Python 中正则表达式的数量词默认是贪婪的（在少数语言里也可能是默认非贪婪），当它在从左到右的顺序求值时，总是尝试匹配尽可能多的字符。非贪婪则相反，总是尝试匹配尽可能少的字符。

在 "*"、"?"、"+"、"{m,n}" 后面加上？，可使贪婪变成非贪婪。

示例1：

1 >>> s = "This is a number 234-235-22-423"
2 >>> re.match(".+(\d+-\d+-\d+-\d+)", s).group(1)
3 '4-235-22-423'
4 >>> re.match(".+?(\d+-\d+-\d+-\d+)", s).group(1)
5 '234-235-22-423'

在上面的例子中，“.+”会从字符串的启始处抓取满足模式的最长字符，其中包括我们想得到的第一个整型字段的中的大部分，“\d+”只需一位字符就可以匹配，所以它匹配了数字“4”，而“.+”则匹配了从字符串起始到这个第一位数字4之前的所有字符。

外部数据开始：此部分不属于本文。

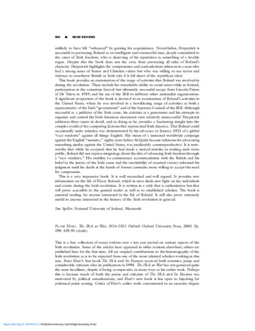 Hanley, Brian (2005) Book Review: Peter Hart. The IRA at War, 1916–1923. Oxford: Oxford University Press, 2003. Journal of British Studies, 44 (4). pp. 904-906. ISSN 0021-9371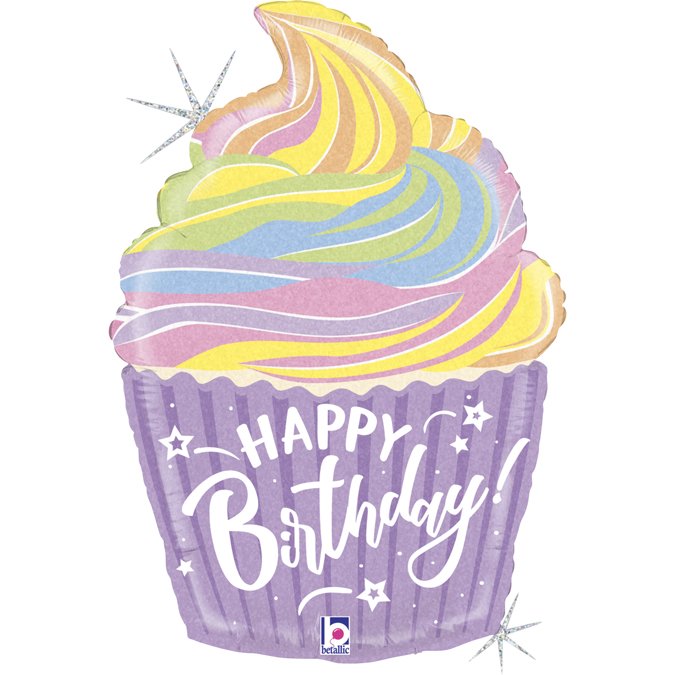"Μεγάλο, σχηματικό, foil μπαλόνι σε παστέλ χρώματα Happy Birthday

因此解决方式为使用非贪婪操作符“？”，要求正则匹配的越少越好。

示例2：

1 >>> re.match("aa(\d+)", "aa1232ddd").group(1)
2 '1232'
3 >>> re.match("aa(\d+?)", "aa1232ddd").group(1)
4 '1'
5 >>> re.match("aa(\d+)ddd", "aa1232ddd").group(1)
6 '1232'
7 >>> re.match("aa(\d+?)ddd", "aa1232ddd").group(1)
8 '1232'

示例4：从下面的字符串中取出文本

<div>
        <p>岗位职责：</p>
<p>完成推荐算法、数据统计、接口、后台等服务器端相关工作</p>
<p><br></p>
<p>必备要求：</p>
<p>良好的自我驱动力和职业素养，工作积极主动、结果导向</p>
<p>&nbsp;<br></p>
<p>技术要求：</p>
<p>1、一年以上 Python 开发经验，掌握面向对象分析和设计，了解设计模式</p>
<p>2、掌握HTTP协议，熟悉MVC、MVVM等概念以及相关WEB开发框架</p>
<p>3、掌握关系数据库开发设计，掌握 SQL，熟练使用 MySQL/PostgreSQL 中的一种<br></p>
<p>4、掌握NoSQL、MQ，熟练使用对应技术解决方案</p>
<p>5、熟悉 Javascript/CSS/HTML5，JQuery、React、Vue.js</p>
<p>&nbsp;<br></p>
<p>加分项：</p>
<p>大数据，数理统计，机器学习，sklearn，高性能，大并发。</p>

        </div>

解：

1 # 方法一：精确匹配
2 re.sub("</?\w*>", "", raw_str)
3         
4 # 方法二：使用非贪婪模式        
5 re.sub("<.+?>", "", raw_str)

9. 修饰符

正则表达式可以包含一些可选标志修饰符来控制匹配模式。修饰符被指定为一个可选的标志，用在正则表达式处理函数中的 flag 参数中。多个标志可以通过使用按位或运算符"|"来指定它们，表示同时生效。如：re.I | re.M 表示被设置成 I 和 M 标志。

示例：

# re.A：使得 \w 不会匹配到中文字符
>>> s = "I am a 男孩!"
>>> re.findall("\w+", s)
['I', 'am', 'a', '男孩']
>>> re.findall("\w+", s, re.A)
['I', 'am', 'a']

# re.I：忽略大小写
>>> re.search("abc", "saBcs", re.I)
<_sre.SRE_Match object; span=(1, 4), match='aBc'>
>>> re.search("[a-z]+", "saBcs", re.I)
<_sre.SRE_Match object; span=(0, 5), match='saBcs'>

# re.DOTALL：使得"."能够匹配到转义字符
>>> re.match("a.b", "a\nb")
>>> re.match("a.b", "a\nb", re.S)
<_sre.SRE_Match object; span=(0, 3), match='a\nb'>

10. 前/后向断言

前/后向肯定断言

前向肯定断言：(?<=pattern)

　　　前向肯定断言表示你希望匹配的字符串前面是 pattern 匹配的内容时，才匹配。

后向肯定断言：(?=pattern)

　　　后向肯定断言表示你希望匹配的字符串的后面是 pattern 匹配的内容时，才匹配。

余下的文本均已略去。